Accustomed now, to her new skin, the young girl spent more and more time applying product in big sweeping gestures. If there were any bit of her old self not washed down the shower drain, then she would cover it most thickly. She still couldn’t see the whiskers that felt the vibrations of the words or the ears that twitched to the whispers breeze. Certainly, she didn’t feel her tiny heart flutter; she had it too deeply muffled. At school the lips moved and the eyes stared. She smiled and smelled the ripe scent of approval wafting through the twisting halls. Moving blindly though the turns, she searched for it relentlessly, her smile broadening with every wrong turn she took. Clinically, they judged and tested her. Pulling out pens from their white, starched coat pockets to scribble on yellow notepads.

The day the young girl ran out of product she looked into her foggy bathroom mirror and screamed. She couldn’t recognize herself. For the first time her fingers brushed her cheeks and pinched the air above her wet scalp, just barely discerning the whiskers and ears that were becoming more and more apparent with each passing moment. What could she do but run to the all-knowing crowd, the testers, judgers, and whisperers still scribbling in yellow note pads. She asked them her questions, begged for answers, lost the scent of approval, fell to pleading, and backed up in terror when she saw the craving fall from their eyes. Knowing of her whiskers and ears did not help. No amount of vibration and twitching could save her. The maze she had been so used to was nothing but a tiled, locker-lined prison.

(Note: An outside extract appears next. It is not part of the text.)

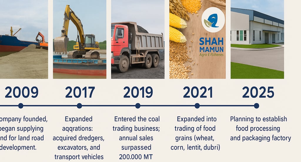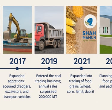 After completing his studies, he returned to Bangladesh with a vision: to build a company that supports national infrastructure, industry, and food security. He established Shah Mamun Enterprise and has been successfully leading its growth — from sand supply and dredging operations to coal trading, agri-commodities, and integrated agro & fisheries ventures.

Awash with confusion the young girl wandered home to stare in the mirror. She stared unblinking until the whiskers and ears faded back into perspiration. Then in a fit of rage she threw away every last empty bottle of product she owned. This was the easy part. Much more arduous a task was the buffing. Bit by bit she rubbed, chipped, and clipped away at the caked on product, scraping off the new skin she had been so proud of. Days passed before the slim scraps of her old self became visible. Her reflection no longer made her scream, but she had a new dilemma. Having built her new skin so well that no matter how hard or often she sanded it away a piece of it still remained. The old and new together didn’t look right. It had to be fixed. So, she mixed her own product naturally and used careful, neat brush strokes.

The young girl’s new creation was perfect. Her old friends agreed. She walked through the halls of the maze holding the map, key, and torch in her hand. The whispers breeze fell flat on her ear, the words passing unnoticed. Even the scrawling pens on yellow note pads didn’t draw her attention. The judgers, testers, and whisperers floated by as shadows do in the evening. Someone, not the young girl, or her old friends, or the watchers, found the bits of discarded product. It was bound to happen. This someone used their own sharp acid to reawaken the brew; they dipped inside it and emerged into the onlookers sniffing the slight scent of approval. It intoxicated them. The young girl watched from a distance, clutching at her precious map, amazed at this new creation built from her old product.

Before her eyes, history replayed. Her last wish before turning to her newfound peace was that she’d buried the product, burned it, drowned it, and set the world free.